U.S. discount carrier Spirit Airlines (SAVE) has filed for bankruptcy protection from its creditors after years of mounting losses.
The airline said it hopes to exit creditor protection in the first quarter of 2025 and plans to
continue operating normally during the busy year-end holiday season.
Spirit is the first major U.S. airline to file for Chapter 11 bankruptcy protection since American Airlines did so in 2011.
Florida-based Spirit Airlines has struggled with an engine recall that grounded its aircraft, a surge in costs after the pandemic, and a failed acquisition by rival JetBlue Airways (JBLU).

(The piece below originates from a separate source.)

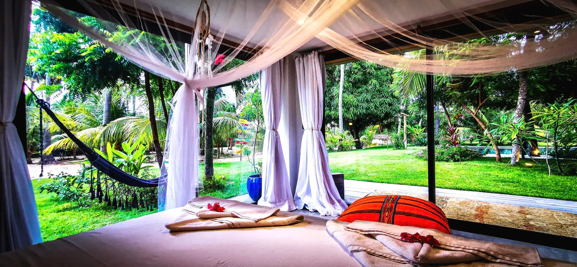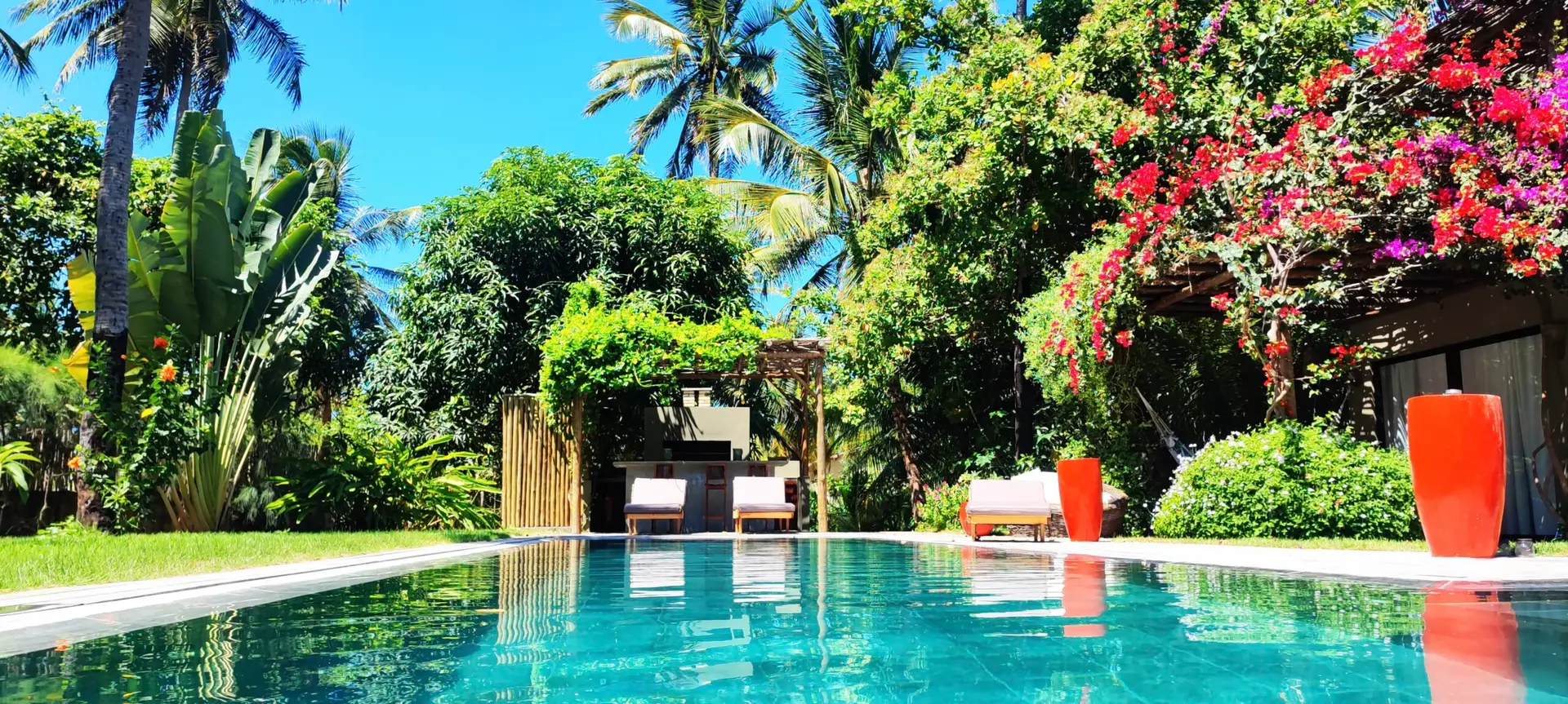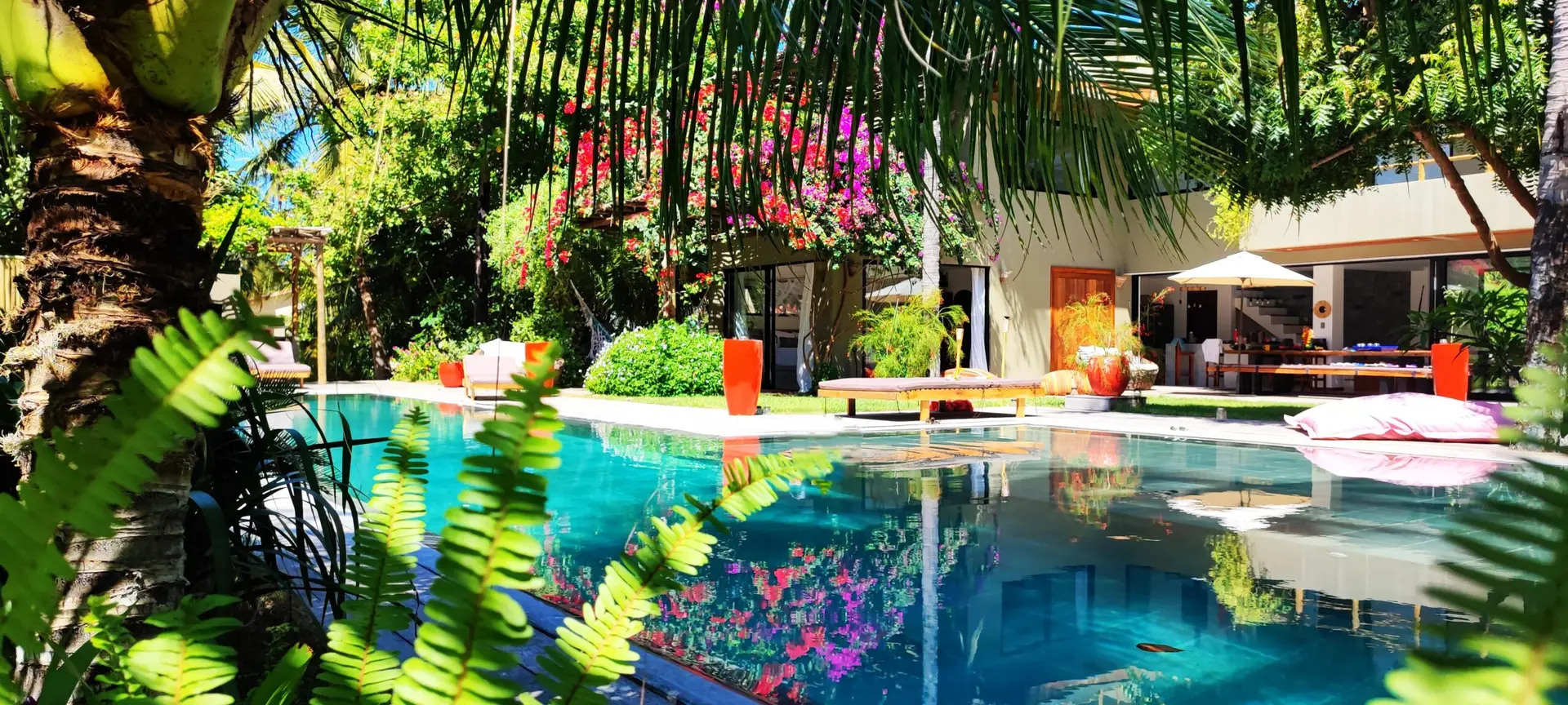 A apenas 6 minutos a pé da praia e do centro da cidade, a Casa’ Lex está escondida em um coqueiral de 5.000 m² e cercada por um jardim exótico que a torna um verdadeiro refúgio de paz.

A federal U.S. judge earlier this year blocked Spirit’s purchase by JetBlue on antitrust grounds and competition concerns.
Spirit has struggled with more than $1 billion U.S. of debt, much of which was taken on during the Covid-19 pandemic when its aircraft were grounded.

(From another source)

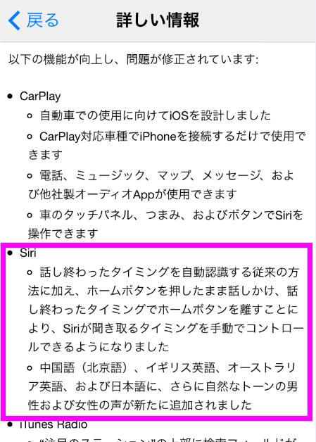 今回、私にとって体感できる大きな変更点としては、Siriの使い勝手の向上と、発音が自然になったことでしょうか。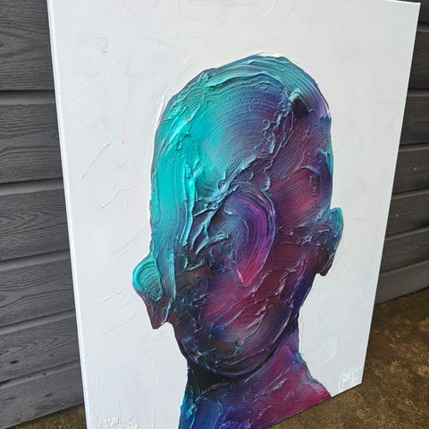 Abstrakt maleri med farverigt motiv af et ansigt. Maleriet har en ekspressiv og kunstnerisk stil med brug af stærke farver og tydelige penselstrøg.

The airline hasn’t had a profit since 2019, the year before Covid-19 struck, and lost more than $335 million U.S. in the first half of this year.

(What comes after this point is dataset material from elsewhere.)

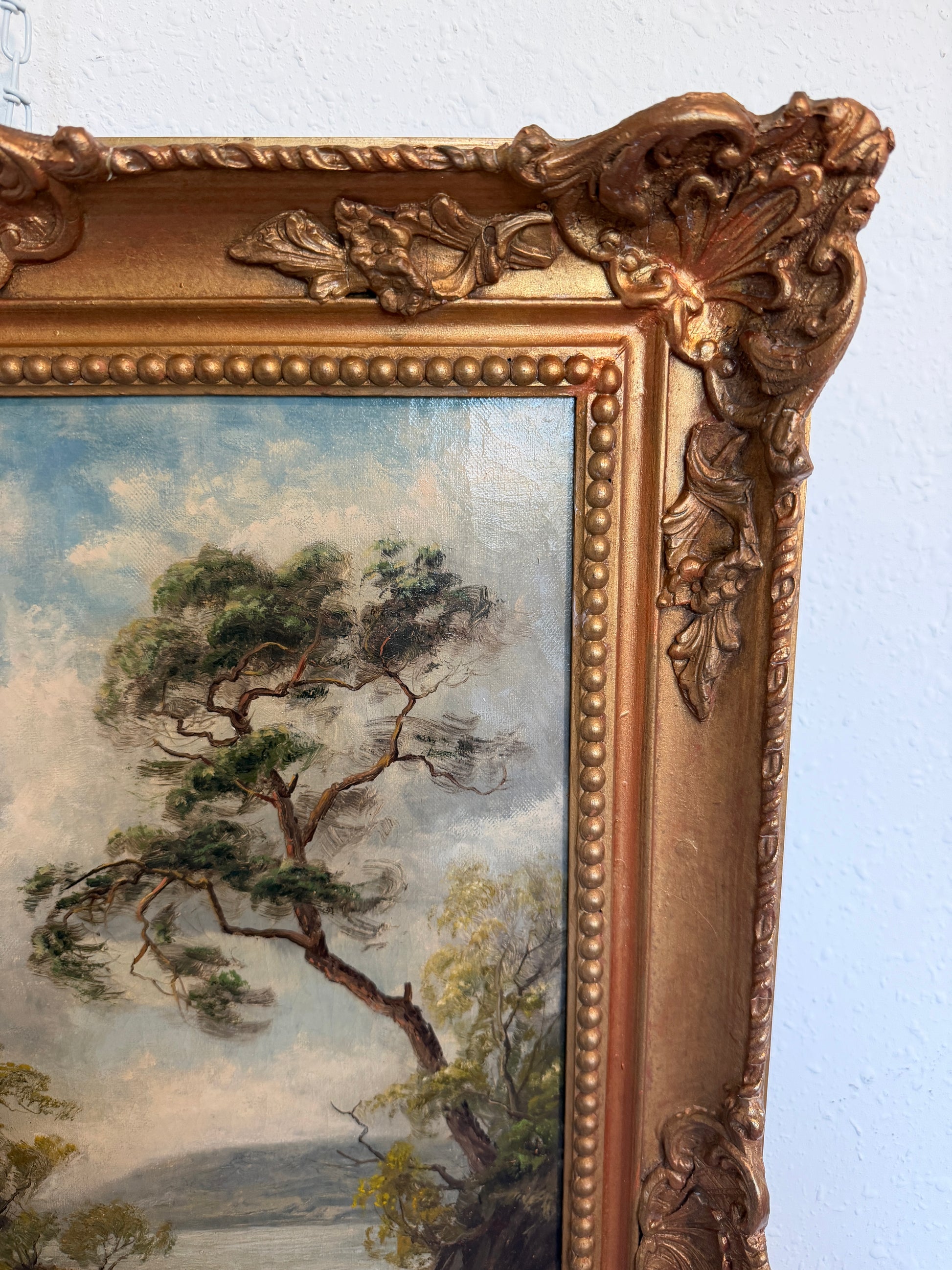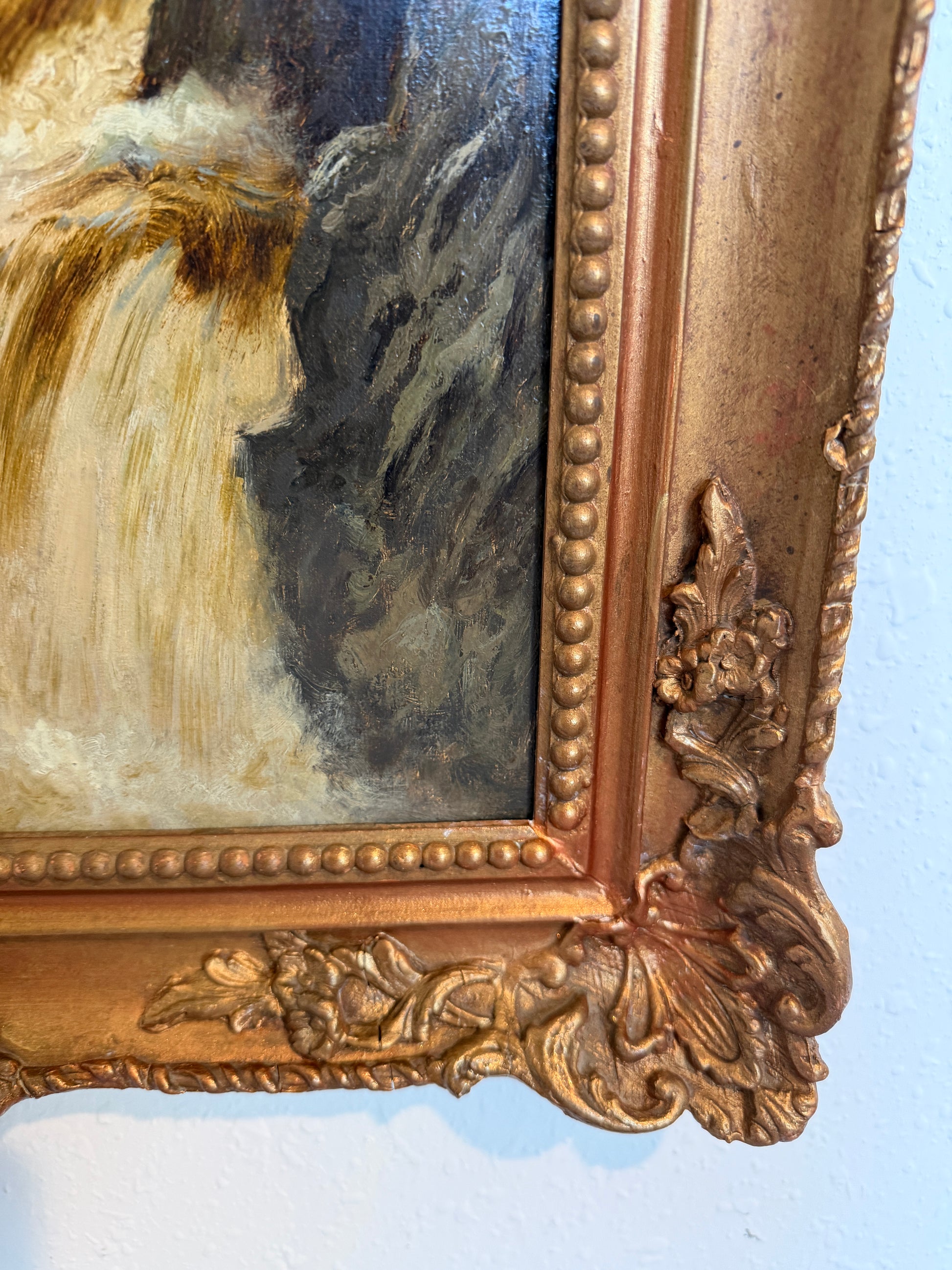 Frame: Ornate gilt frame shows wear: rubbed high points, small scuffs, and typical vintage patina.

The carrier said it has reached a deal with bondholders for $350 million U.S. in equity, which will enable it to continue operating while it restructures its debt.
Spirit filed for bankruptcy protection in the Southern District Court of New York.
The company’s stock will be delisted from the New York Stock Exchange because of the bankruptcy filing.
The stock of Spirit Airlines has declined 93% this year and currently trades for $1.08 U.S. per share.